[Dataset excerpts]
★ ★ ★ ★ ★
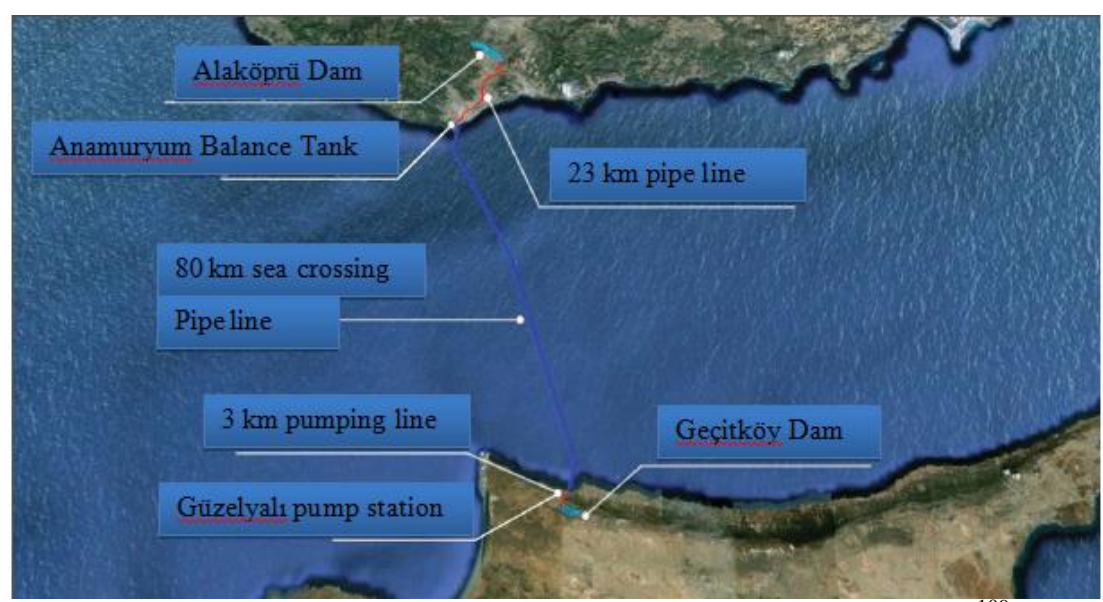
Figure 3.2: Map plan of the Northern Cyprus pipeline water transfer project <sup>109</sup>.

transferred water. Gecitkoy Dam has been started to be built on 2 April 2012. <sup>107</sup> The project is the most important pillar "Sea Crossing" unit will be applied for the first time in the world. British Neptune Oceanographics, Aquatec Group Limited and Trevor Jee Assocciates under the auspices ARTI Project Company have the control of Smartpipe System which will detect leaks and spills. <sup>108</sup>
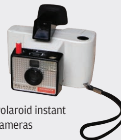
Polaroid instant cameras
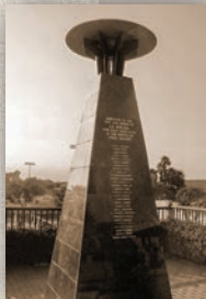
Eternal Flame 13700 La Mirada Boulevard

To the south of City Hall, an Eternal Flame burns above the names of La Mirada servicemembers who gave their lives for their country since 1960, the year the City was incorporated.
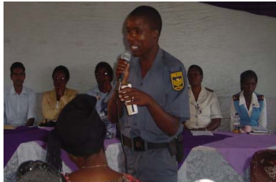
Constable Nkosi from SAPS Talked about steps to be taken after sexual assault. Incidence must be reported immediately to the parents or caregivers Come as you are do not take bath or change clothes Report the matter to the police Parents shouldn't try to negotiate the incidence between families that is illegal they may be punished for that because rape is a crime.
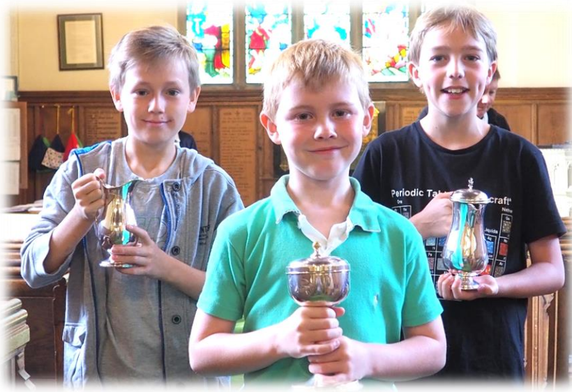
The Offertory Procession
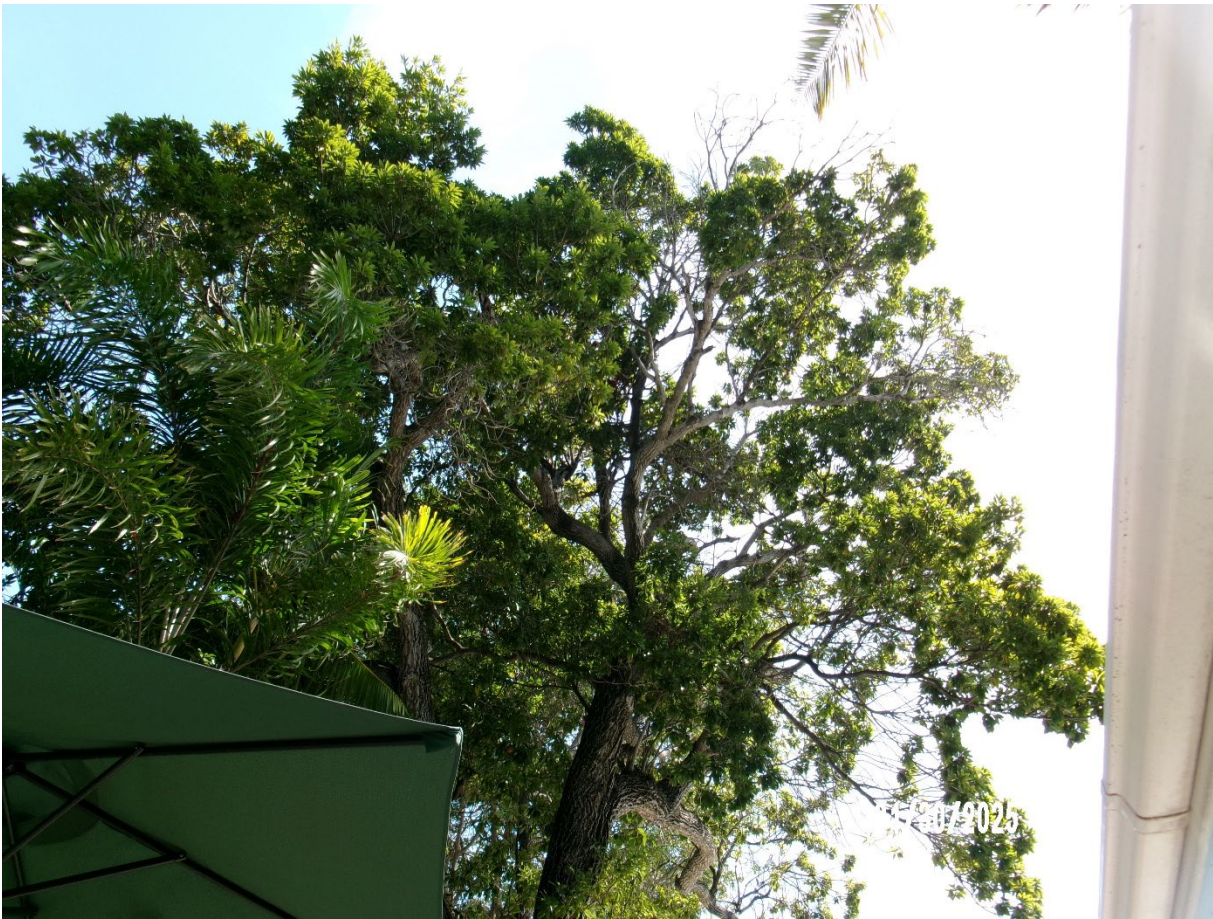
Two photos of tree canopy, views 1 & 2.
★ ★ ★ ★ ★
- Exercise prompt: If a picture sits between the line containing "Polaroid instant cameras" and the line containing "To the south", leave it out, and return the lines of that range above exactly, both ends included.

- Response to the exercise:
Polaroid instant cameras
Eternal Flame 13700 La Mirada Boulevard

To the south of City Hall, an Eternal Flame burns above the names of La Mirada servicemembers who gave their lives for their country since 1960, the year the City was incorporated.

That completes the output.